ТОМ XI. — АПРЕЛЬ 1863 Г. — № LXVI. О ПЕРИПЕТИЯХ СЛАВЫ КИТСА.
[Джозеф Северн, автор следующей статьи, вряд ли нуждается в представлении читателям «Atlantic Monthly»; но никто не будет возражать против того, чтобы в связи с его ценным вкладом перечитать этот отрывок из предисловия к «Адонаису», который Шелли написал в 1821 году: —
«Он [Китс] отправился в Рим, и во время его последней болезни за ним ухаживал мистер Северн, молодой художник, подающий огромные надежды, который, как мне сообщили, «почти рисковал собственной жизнью и пожертвовал всеми перспективами ради неустанной заботы об умирающем друге». Если бы я знал об этих обстоятельствах до завершения своей поэмы, у меня возникло бы искушение добавить свою полную дань восхищения к более существенному вознаграждению, которое добродетельный человек находит в воспоминаниях о собственных побуждениях. Мистер Северн может обойтись без награды из «того же вещества, из которого сделаны сны». Его поведение — благородное предзнаменование успеха его будущей карьеры. Пусть неугасимый дух его прославленного друга оживляет творения его карандаша и заступится за его имя перед лицом забвения!»
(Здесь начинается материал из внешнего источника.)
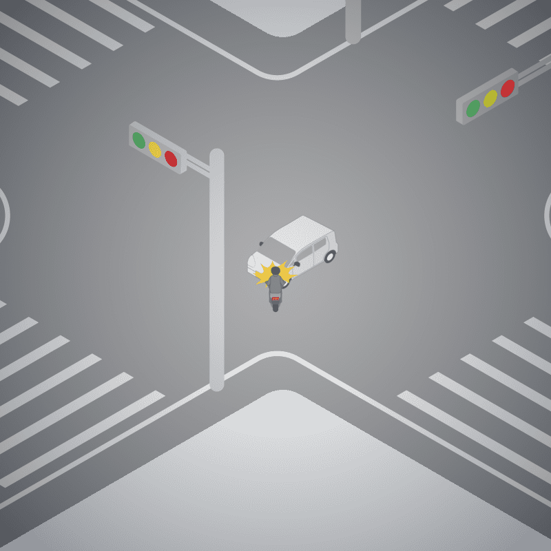 ・イラストに使用している各要素(車、背景、車、天候、信号、衝突地点など)は、代表的なイメージをイラスト化しており、色や形状等含め現実の事故の状況とは異なります。あくまで、事故のイメージとして参考までにご活用ください。
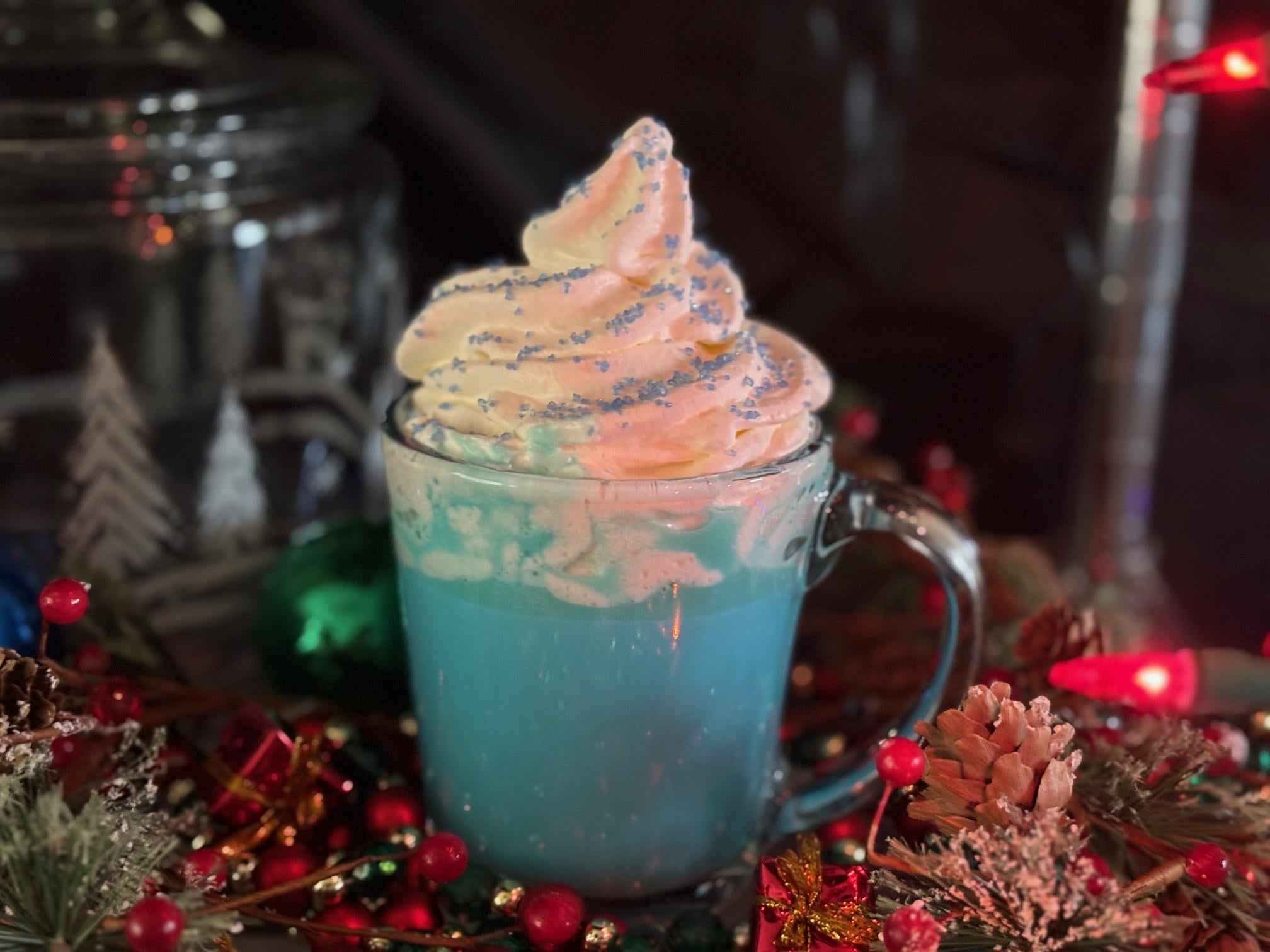 Made with white chocolate, whole milk, heavy cream, vanilla extract, salt, blue food coloring and topped with homemade whipped cream and blue sanding sugar. If you've never had white hot chocolate before it is in a league all by itself. Best hot chocolate ever.

Мистер Северн в настоящее время проживает в Риме, откуда он и прислал эту статью.]
Я хорошо помню, как меня поразила ясная и независимая манера, с которой Вашингтон Олстон в 1818 году выразил свое мнение о стихах Джона Китса, когда произведения молодого поэта только появились, среди насмешек большинства английских читателей. Мистер Олстон был в то время единственным проницательным судьей среди незнакомых с Китсом людей, проживавших за границей, и он счел уместным подчеркнуть в моем присутствии свое мнение о ранних излияниях молодого поэта такими словами: — «Это сырой материал настоящей поэзии, и Китс непременно станет великим поэтом».
Для немногих личных друзей Китса в Англии (которым, возможно, до сих пор приходится защищать его от старых и избитых клеветнических нападок) является особым удовольствием то, что в Америке он всегда пользовался прочной славой, независимой от старых английских предрассудков.
Здесь, в Риме, пока я пишу, я оглядываюсь на сорок лет мирских перемен, чтобы снова увидеть в памяти дорогой образ Китса. Кажется, будто он должен был бы жить со мной сейчас, поскольку я никогда не мог понять его странную и противоречивую смерть, его столь внезапный упадок здоровья и сил. Он обладал той тонкой компактностью телосложения, которую мы считаем залогом долголетия, и ни один ум не был более ликующим в юношеском чувстве. Я не могу найти достаточного объяснения тому, почему за один короткий год он был так оборван, «со всеми своими несовершенствами на голове». Было ли это потому, что он жил слишком рано, — что мир, к которому он стремился, не был готов к нему?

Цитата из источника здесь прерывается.